Is moved from the endless belt 25 to a position where the cut end of the horizontal streak W1 to be dropped from the endless belt 25 enters the groove 33a of the horizontal streak chute 33, the left horizontal streak supply cam 43 is also moved at the same time. Becomes possible. In the above-described embodiment, a plurality of stoppers 22 for stopping the distal end of the iron wire W when the iron wire W is cut are provided as a fixed type, but the stopper is moved to a predetermined position on the stopper fixing member 7 to be moved. If it can be fixed, only one stopper needs to be provided. As described above in detail, according to the present invention, in the wire mesh working horizontal streak supply device, a push member which can be switched between the upper position of the belt and the horizontal streak accumulation chute is provided.
Since a groove extending in parallel with the belt is formed on the lower surface side of the pushing member, the lateral streaks jump on the belt when the lateral streak that has been conveyed into the groove and conveyed into the groove is transferred by the pushing member toward the transverse streak accumulation chute. No slanting or slanting. Therefore, the horizontal streaks on the belt can be smoothly and reliably fed into the horizontal streak accumulation chute while maintaining a parallel relationship with the belt. In this way, when the horizontal stripes are transferred from the conveyor belt to the horizontal stripe accumulation shoot, the horizontal stripes are prevented from being entangled and clogged in the apparatus, so that the cutting device for cutting the iron wire to an arbitrary length upstream of the conveyor belt. Is provided, there is an excellent effect that it is possible to automatically manufacture a wire net having different widths as a series of processes.
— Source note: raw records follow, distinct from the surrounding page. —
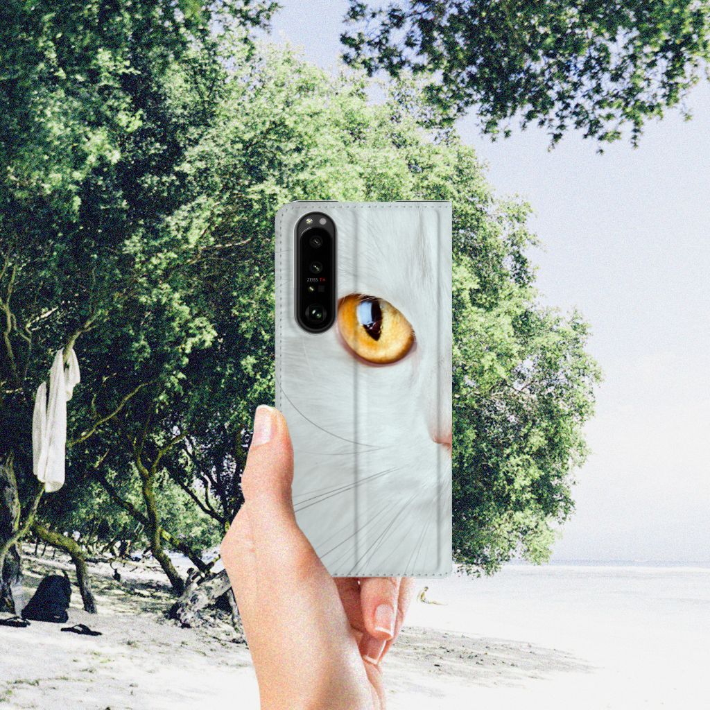 Witte katten zijn natuurlijk extra speciaal, vandaar we een exemplaar op een design hoesje hebben gezet. Een witte kat schijnt trouwens ook slechter te kunnen horen dan katten met een andere kleur. Deze witte kat staat op een zeer prominente wijze op een stand case. Deze stand case met witte kat ziet er geweldig uit en is voorzien van verschillende uitsparingen en een speciale standaard. Een Sony Xperia 5 III Hoesje maken met witte kat beschermt jouw smartphone perfect. Alle zijden van de case zijn bedrukt. Jouw smartphone wordt erg duurzaam met dit design hoesje. Het TPU aan de binnenzijde is zeer flexibel en het pu-leer oogt chique. Verder heeft de case een houder voor bijvoorbeeld je rijbewijs aan de binnenkant.
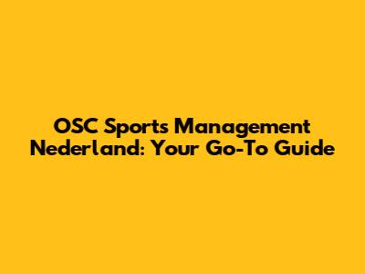 OSC Sports Management In The Netherlands: Your Comprehensive Guide
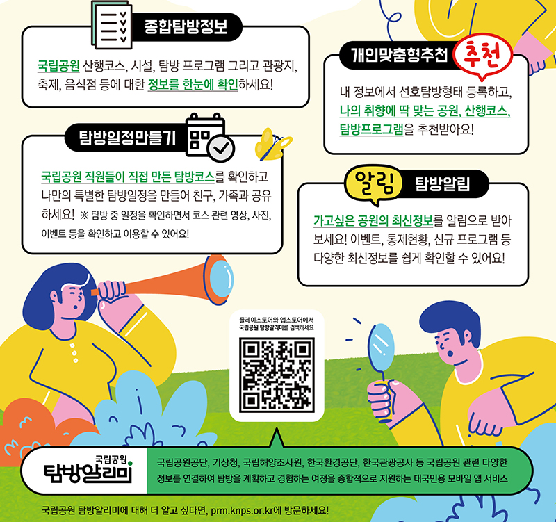 국립공원 탐방알리미는 앱스토어와 플레이스토어에서 ‘국립공원 탐방알리미’로 검색해 설치하면 된다.
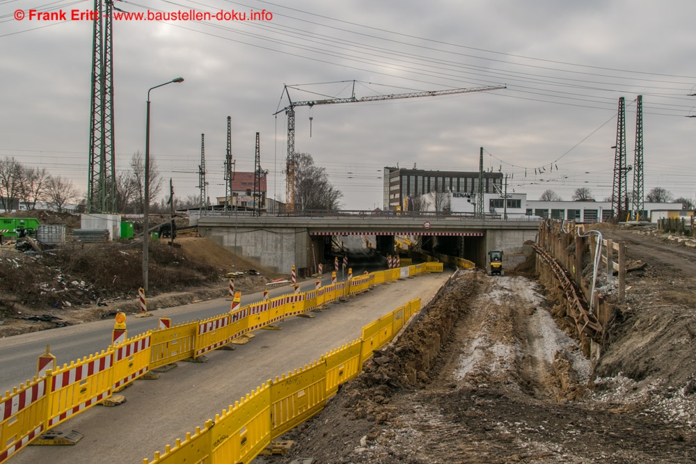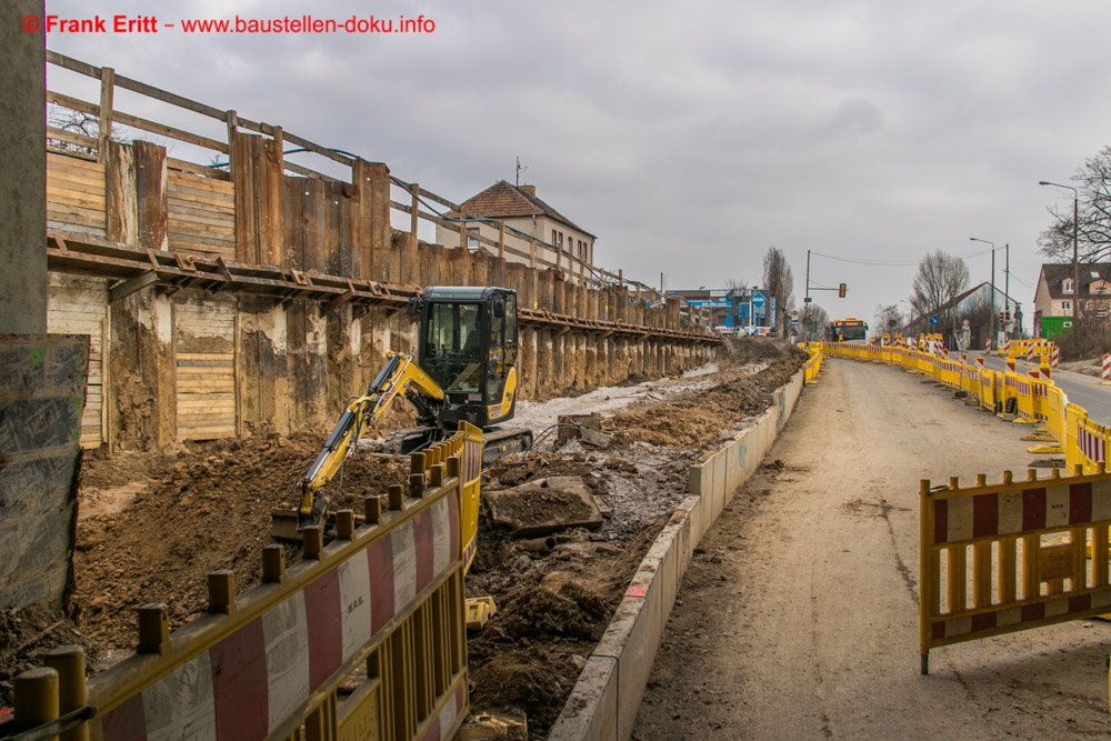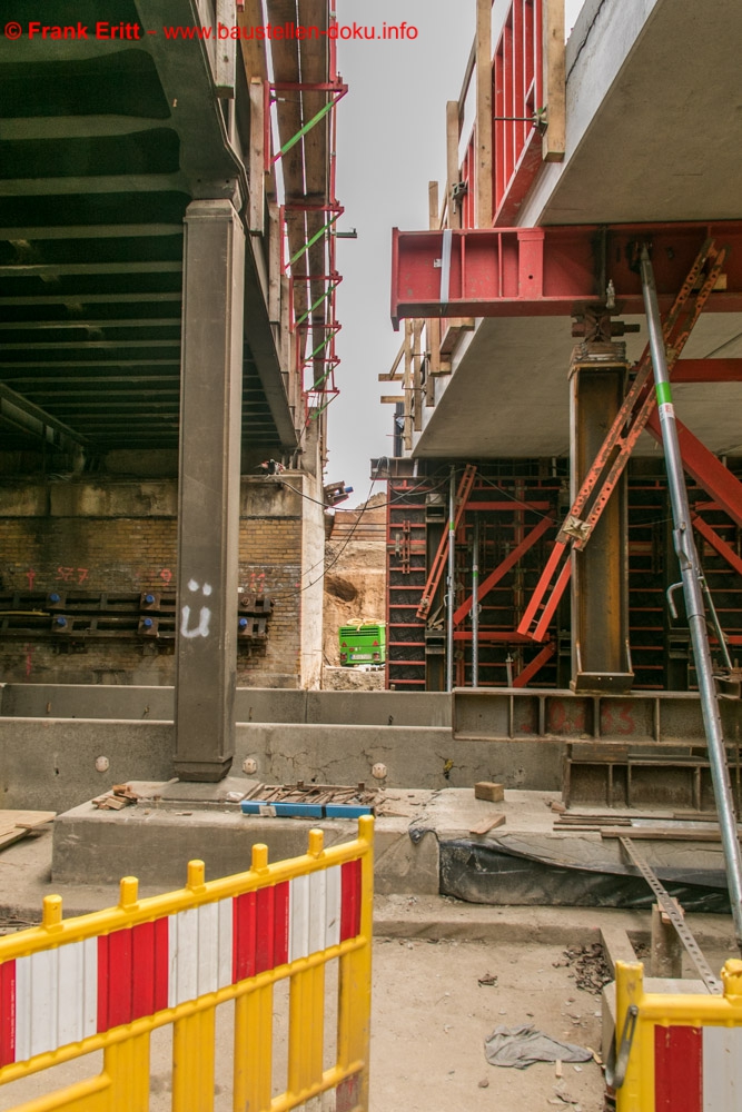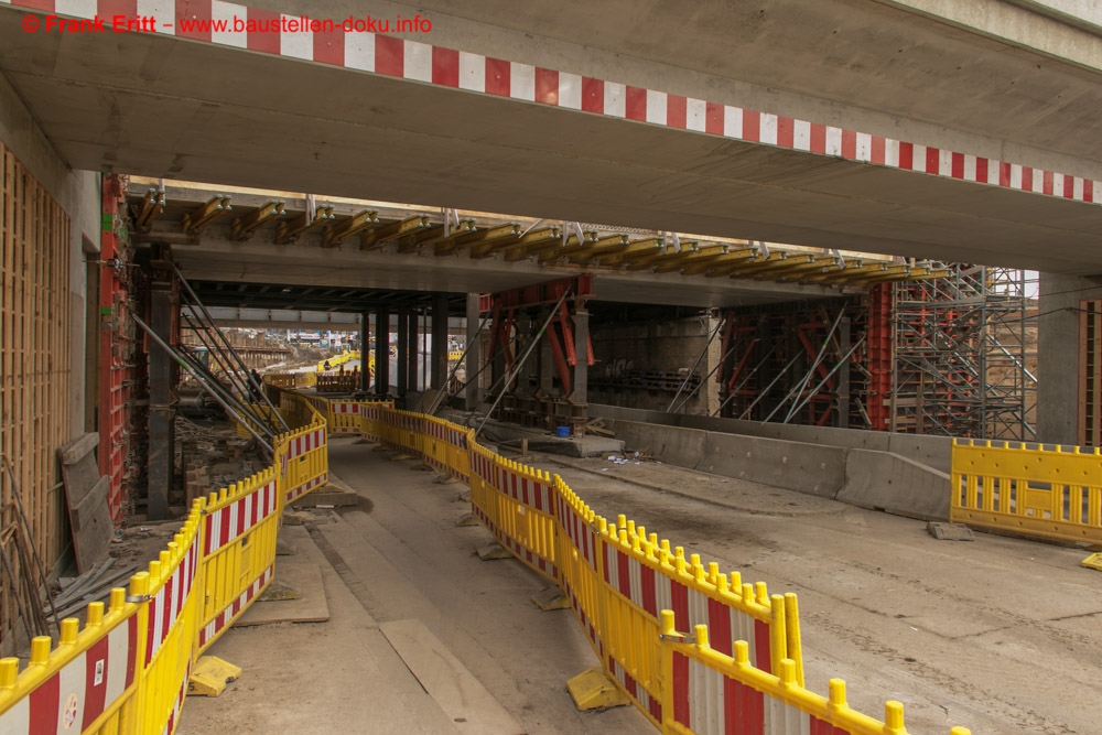 Zweiter Überbau West betoniert, Baugrube für Stützwand Ost
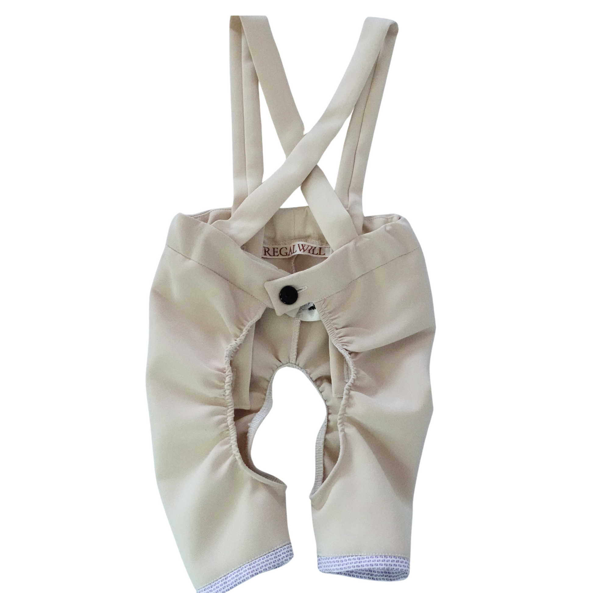 At the waist it closes with a button and with two adjustable straps, which in addition to embellishing the look help us to keep the trousers more stable.
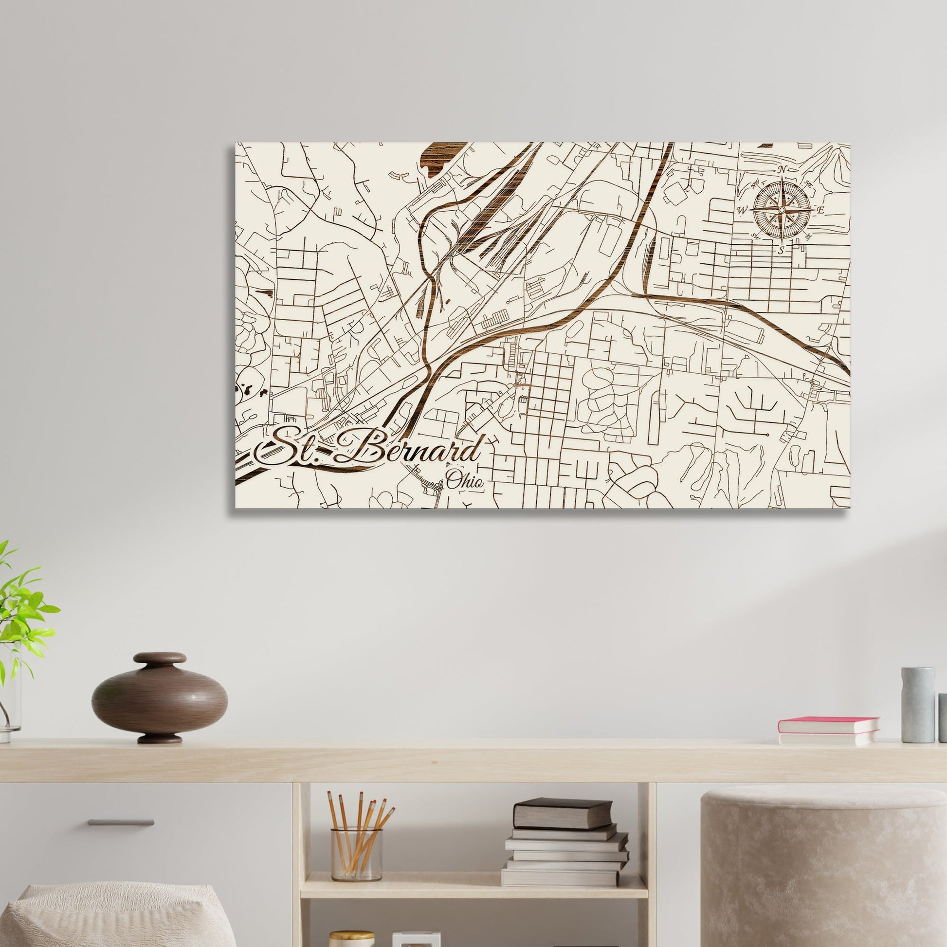 This is a street map of St. Bernard, OH designed by Fire & Pine artists.
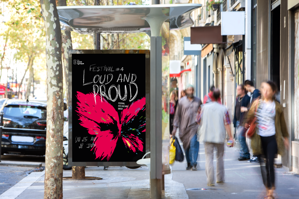Pour l’affiche Loud and Proud, j’ai choisi le papillon comme symbole, incarnant la métamorphose et la liberté, des principes intimement liés aux valeurs de la communauté LGBTQ+. Cette créature illustre la capacité à se réinventer et à s’épanouir malgré les défis, reflétant le parcours individuel et collectif vers l’acceptation et l’égalité. Pour renforcer ce message d’émancipation, je me suis orienté vers l’utilisation de peinture, un médium artistique synonyme de liberté d’expression et de création. À travers cette fusion entre le symbole du papillon et l’art de la peinture, l’affiche Loud and Proud célèbre la diversité, la créativité et la force de la communauté LGBTQ+.

BRIEF DESCRIPTION OF THE DRAWINGS FIG. 1 is a front view of a horizontal streak supply device. FIG. 2 is a side view of the apparatus of FIG. FIG. 3 is an enlarged view of a stopper portion 22 of FIG. 2; FIG. 4 is an enlarged view of the horizontal streak support member 13 of FIG. FIG. 5 is a plan view of a pressing member and its periphery. FIG. 6 is a front view showing a transverse muscle chute, a transverse muscle supply cam, and a supporting portion thereof. FIG. 7 is a front view of a transverse muscle shoot and a transverse muscle supply cam. FIG. 8 is a front view showing a partial cross-section of a lateral streak supply cam and a supporting portion thereof. FIG. 9 is an enlarged side view of a rotation mechanism of the horizontal streak supply cam 43 in FIG. 8; FIG. 10 is a schematic explanatory view showing a relationship between a belt 25, a pushing member 28, and a transverse muscle chute. [Description of References] 2 is a horizontal line cutting device, 25 is an endless belt, 28 is a pressing member, 28a is a groove (an inverted U-shaped cross section), 29 is a bar, 30 is a cylindrical bush, 31 is a cylinder, 31a is a rod, 3
3, 33A are a pair of horizontal muscle shoots constituting a horizontal muscle accumulation shoot, W1 is a horizontal muscle, and W2 is a vertical muscle.

Claims (1)

(57) [Claims] A wire mesh producing horizontal streak supply device that transports a horizontal streak cut in accordance with the arrangement width of the vertical streak to a horizontal streak accumulation chute via belt conveyance, and sequentially supplies the horizontal streak from this horizontal streak accumulation chute to a welding position on a vertical streak row. In order to transfer the horizontal streaks conveyed to the belt from the belt to the horizontal streak accumulation chute, a push member that can be switched between an upper position of the belt and the horizontal streak accumulation chute is provided, and a lower surface of the push member is parallel to the belt. A horizontal streak transfer structure in a wire netting horizontal streak supply device, characterized in that a groove extending in a direction is formed.